The World Athletics Relays, known as the IAAF World Relays until 2019, is an international biennial track and field sporting event held by World Athletics where teams from around the world compete in relay races, some of which are not part of the standard Olympic programme. The first three editions were set to take place in Nassau, Bahamas at the Thomas Robinson Stadium in 2014, 2015 and 2017. Originally intended as an annual event, it was later decided to happen every odd year, the same as the World Athletics Championships for which it serves as a qualification stage.

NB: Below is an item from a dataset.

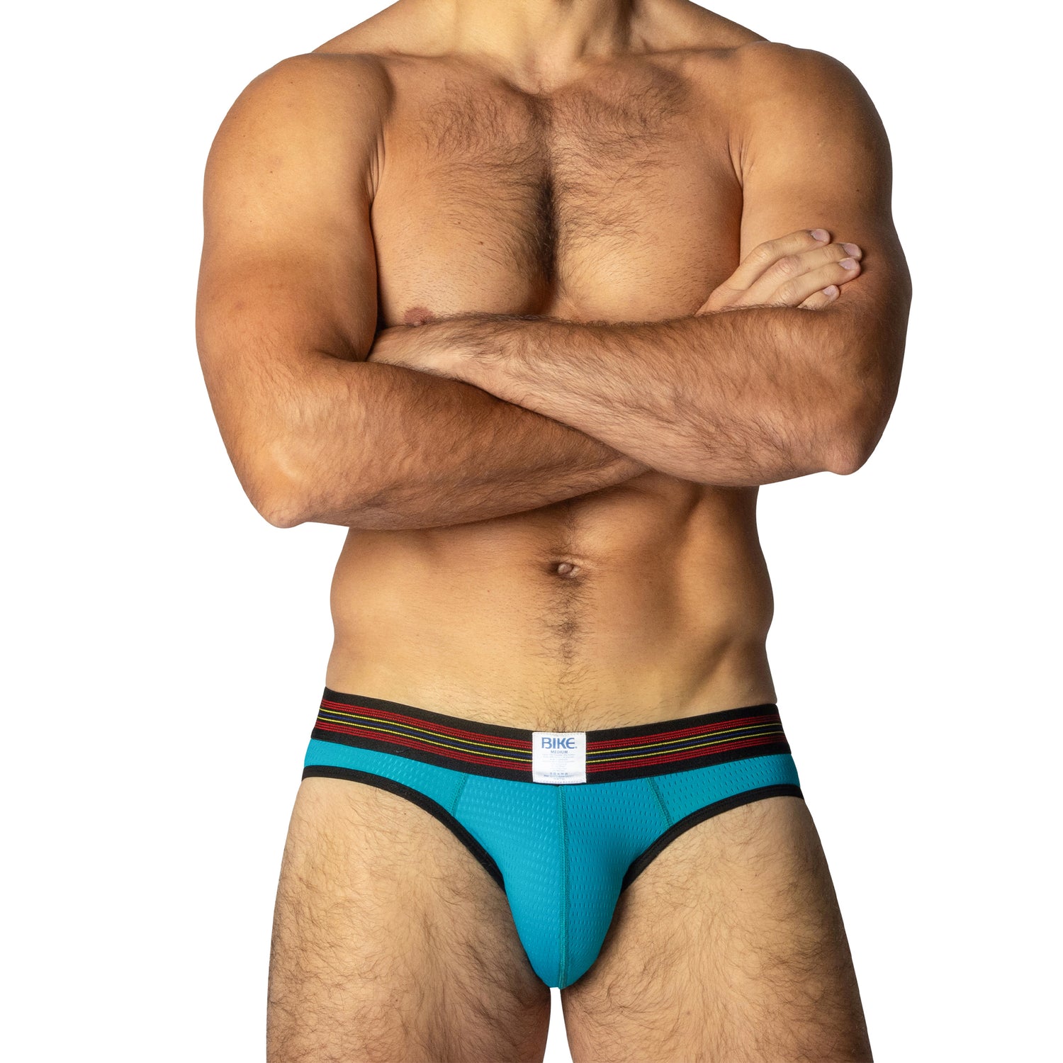 Upgrade your underwear game with our BIKE Mesh Brief in Teal. Our classic cut briefs feature silky soft and breathable material, providing all-round support for your package. Embrace comfort and style with the famed material of the jock, now in your briefs.

The competition format for the first edition included the 4 × 100 metres relay, the 4 × 200 metres relay, the 4 × 400 metres relay, the 4 × 800 metres relay and the 4 × 1500 metres relay. The first edition had a $1.4 million prize fund.

From the second edition, the 4 × 1500 metres relay was replaced by the distance medley relay. However, this was short-lived and was itself replaced by a mixed-gender 4 × 400 metres relay for the third edition. In 2019 the 2 × 2 × 400 m relay and the shuttle hurdles relay were added to the mixed-gender category.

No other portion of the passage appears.